When spot BTC ETFs went live in the US back in January, it wasn’t yet clear how they would perform, but there was a sense that their launch was an occurrence that–if not exactly inevitable–had been likely to occur at some point.
In the case, though, of spot ETH ETFs, which went into operation last Tuesday, it feels in some ways like a different story. Approval from the SEC came through in May, but that decision surprised many observers and even prompted speculation that there could have been political motivations at work, since presidential candidate Donald Trump was at that time in the process of establishing a publicly pro-crypto campaign stance.
From there, it didn’t take long to get to launch, and while 2024 is becoming a year that will be remembered for its crypto ETF developments (don’t forget that two firms–VanEck and 21Shares–have also filed applications with the SEC for spot SOL ETFs), it’s becoming apparent that along with similarities between the BTC and ETF products, there are also some key differences.
That in mind, let’s take a look at those similarities and differences, and the implications for the products, their underlying assets, and the rest of the crypto space.
How Are the BTC and ETH ETFs Similar?
In the US, there have been ongoing disagreements, mainly between the SEC and almost the entire crypto industry, about whether or not the majority of crypto tokens can be classified as securities and therefore fall under the purview of the SEC. What’s notable is that the SEC appears to want crypto tokens within its remit, and so often argues the case for coins as securities, with a few exceptions.
Most obviously, the commission accepts that BTC is best placed in the commodities category, and–although Chair Gary Gensler has been equivocal on the matter–the widespread consensus appears now to be that ETH also can be accepted as a commodity.
And in fact, as far back as 2018, then-director of the SEC’s Commission of Corporate Finance William Hinman expressed the opinion that ETH, like BTC, was decentralized enough to be treated as a commodity rather than a security.
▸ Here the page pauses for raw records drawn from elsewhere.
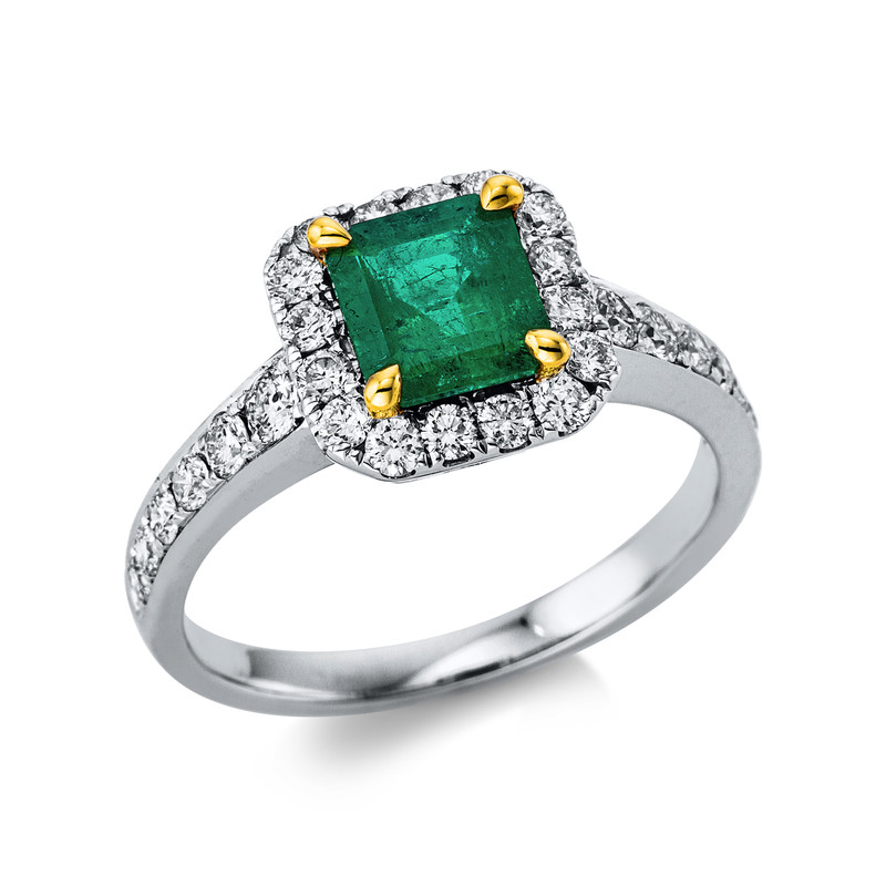 Ring 4er-Krappe 18 kt WG+GG, 28 Brillanten 0,68 ct, TW-si, 1 Smaragd 1,28 ct grün, Weite:54
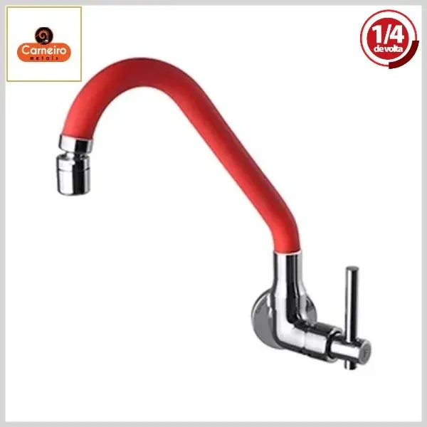 Torneira de Cozinha 4169 C61 Collor Parede Bica Alta Móvel 1/4Volta Red/Cromado - Arejador Móvel, Volante Metal - Carneiro Metais - Ref:9996
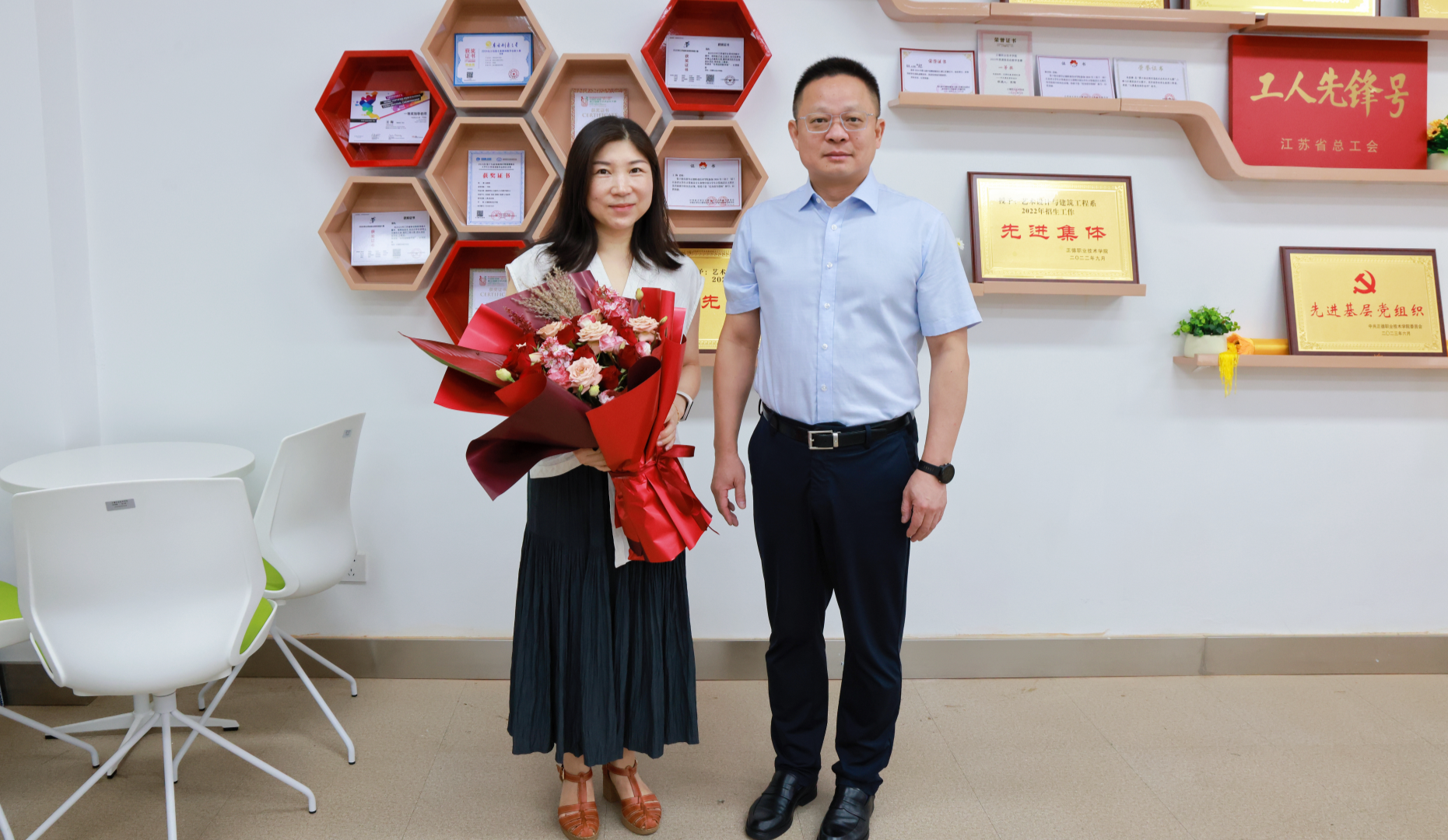 院领导前往教室、办公室等场所,亲切慰问一线教师和辅导员代表,与老师们亲切交谈,详细询问了大家的工作进展与生活状况,对他们长期坚守育人岗位、为学院发展和技能人才培养作出的贡献表示衷心感谢。院领导表示,学院的进步和发展离不开每一位教职工的不懈奋斗与无私奉献,学院始终是大家干事创业的坚强后盾,希望大家弘扬教育家精神,不忘初心,勇担使命,自觉践行“四有”好老师标准,继续发挥模范带头作用,深耕职教,培养更多高素质技术技能型人才。
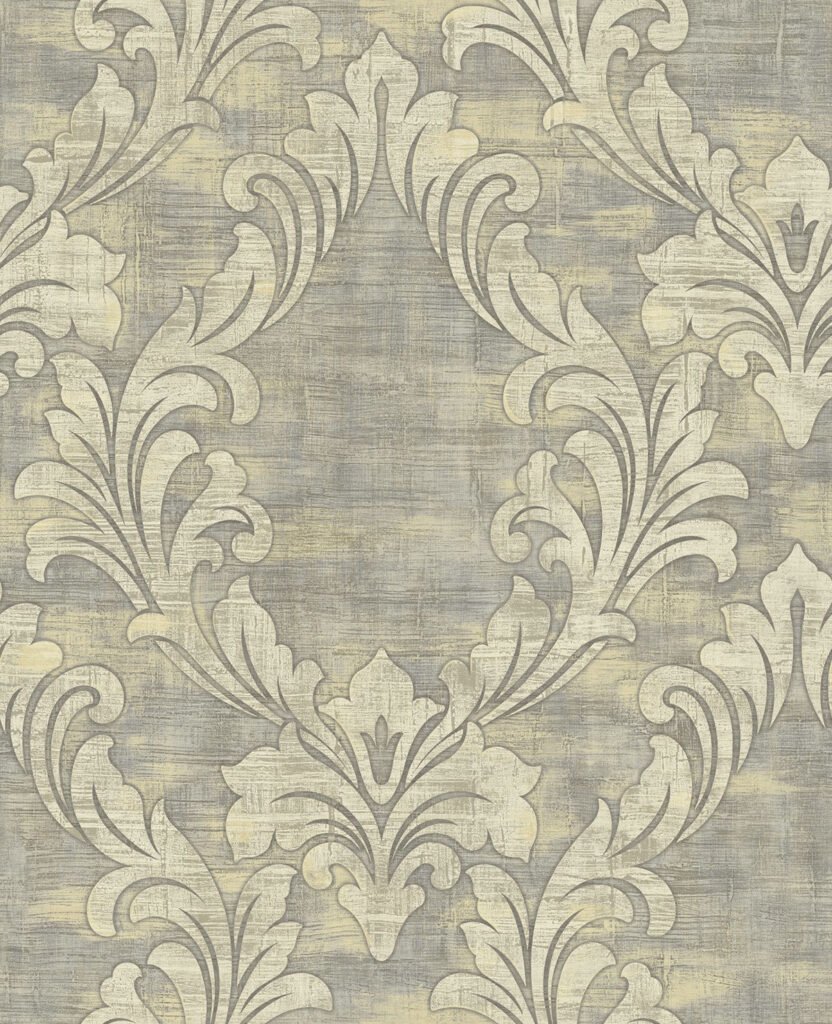 Kepler Damask – Metallic Pearl and Gray | Grays Damasks and Scrolls Wallpaper for Office, Powder Room, and Nursery
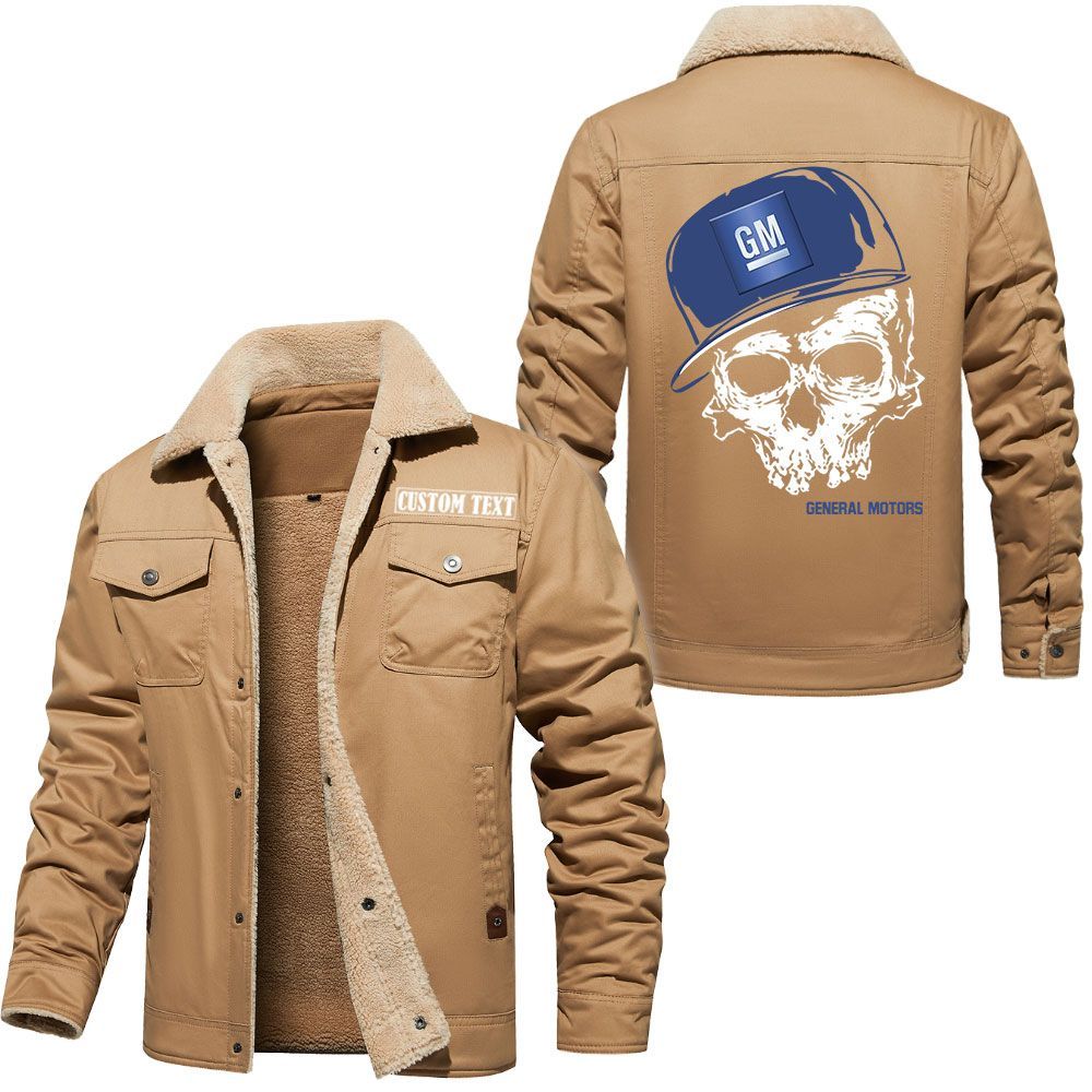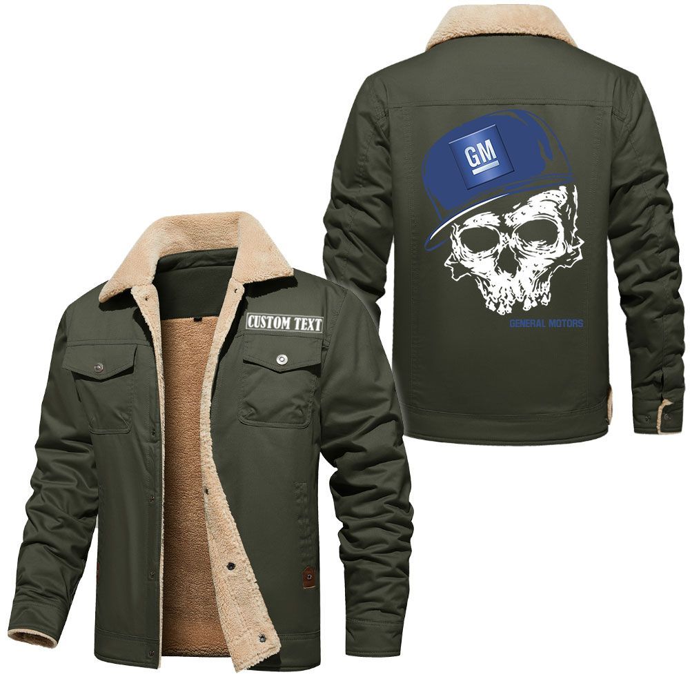 General Motors Logo Custom Name Cargo Fleece Lined Cotton Jacket Personalized Outerwear with Skull Design
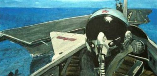 A drawing by an anonymous netizen shows pilot Wang Wei in his J-8 fighter jet, with the Liaoning aircraft carrier in the background
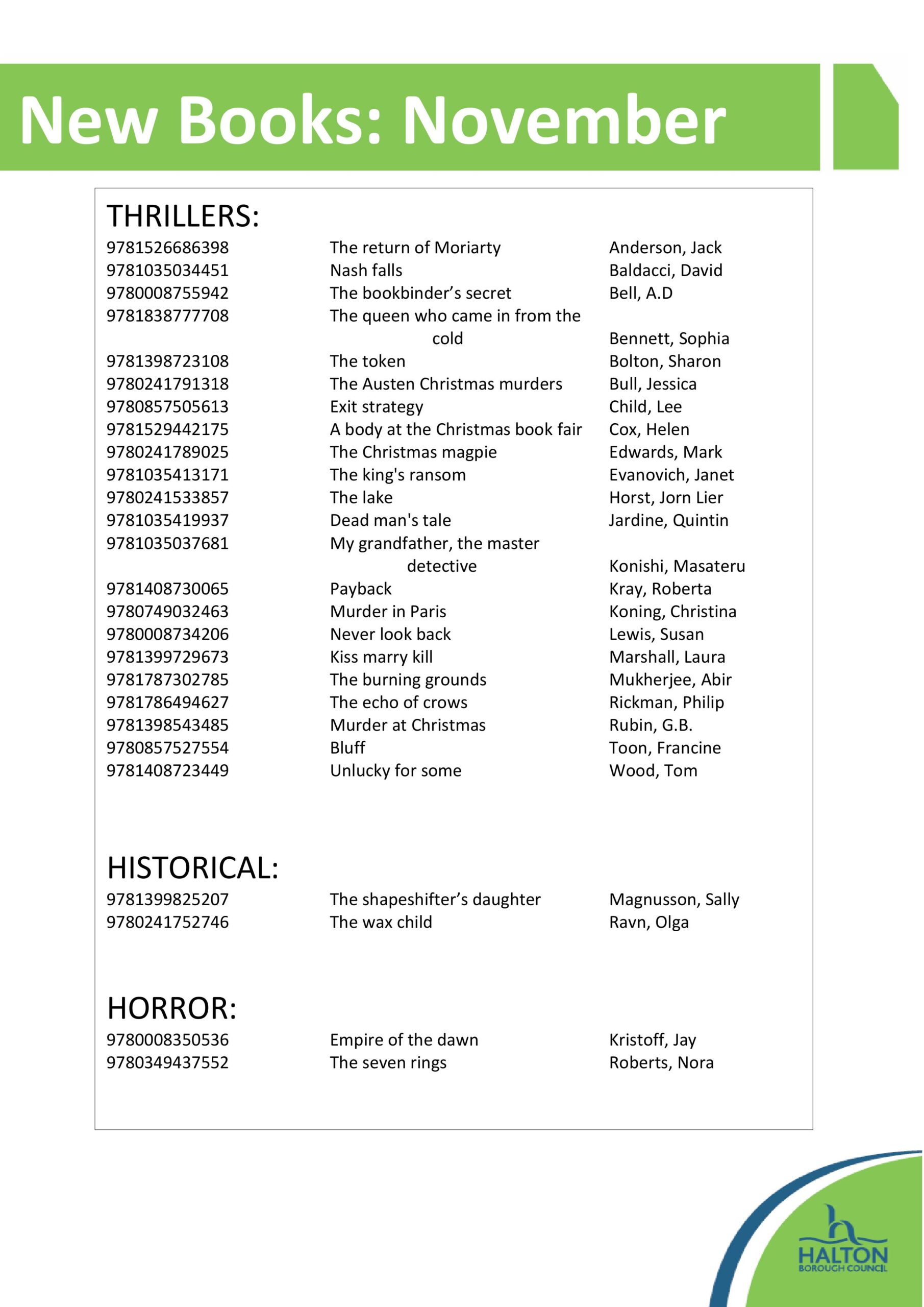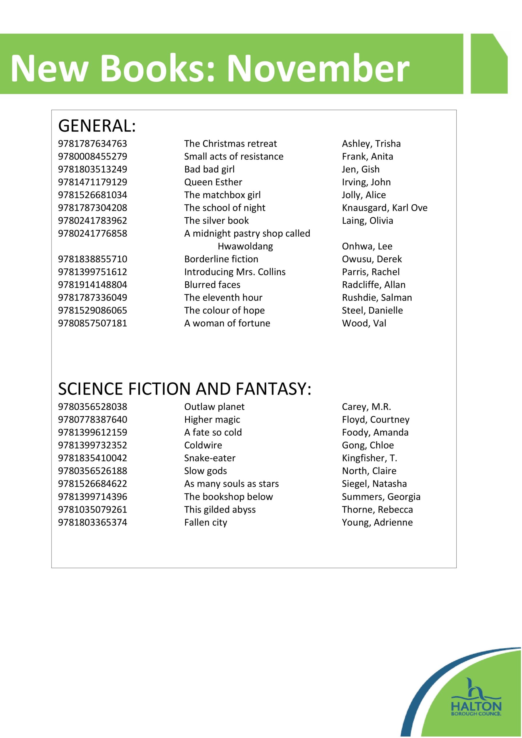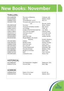 You can see our new books lists below. You can reserve these books and more online through our library catalogue

Also, in 2023, CFTC Chair Rostin Behnam explained in reference to ETH futures funds that,
“We would not have allowed the Ether futures product to be listed on a CFTC exchange if we did not feel strongly that it was a commodity asset”.
Another similarity between the BTC and ETH funds lies in how they are affected by Grayscale. In short, prior to spot BTC and ETH ETFs, Grayscale already ran BTC and ETH trusts, both of which have now been converted to ETFs. However, neither of the converted funds has fees set to be competitive with newcomer ETFs from other firms, and major outflows have occurred from the BTC product, with the same process appearing now to be happening with the ETH product.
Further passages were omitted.